(Beginning of Provided data)
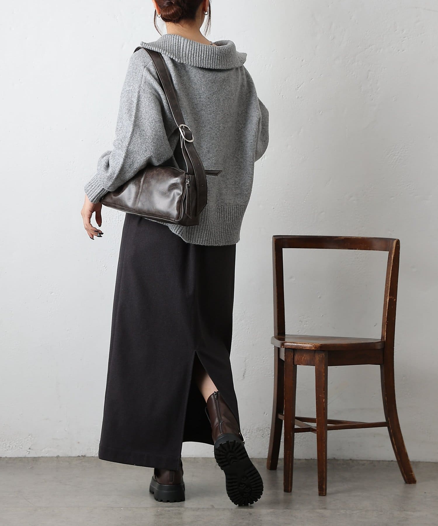 裾は前後差のあるデザインで、前側はやや短めに設定されており、自然とスタイルアップ効果も◎
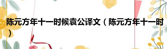 导读 大家好,今天小六子来为大家解答以下的问题,关于陈元方年十一时候袁公译文,陈元方年十一时这个很多人还不知道,现在让我们一起来看看吧!1
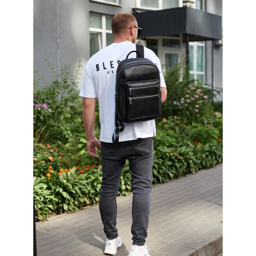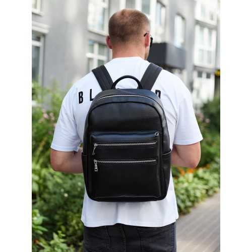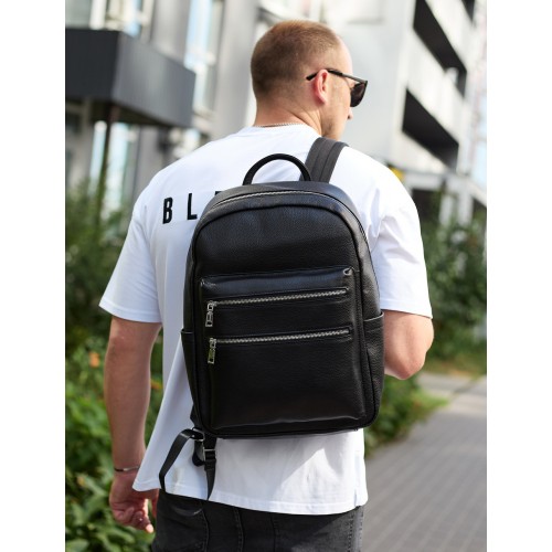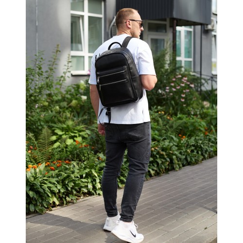 Міський чоловічий рюкзак із натуральної шкіри 41х30х17, наплічна сумка для ноутбука та документів, чорний
(End of Provided data)
Work to complete: Omitting all pictures, set the listing down exactly.

Written solution:
 裾は前後差のあるデザインで、前側はやや短めに設定されており、自然とスタイルアップ効果も◎
 导读 大家好,今天小六子来为大家解答以下的问题,关于陈元方年十一时候袁公译文,陈元方年十一时这个很多人还不知道,现在让我们一起来看看吧!1
 Міський чоловічий рюкзак із натуральної шкіри 41х30х17, наплічна сумка для ноутбука та документів, чорний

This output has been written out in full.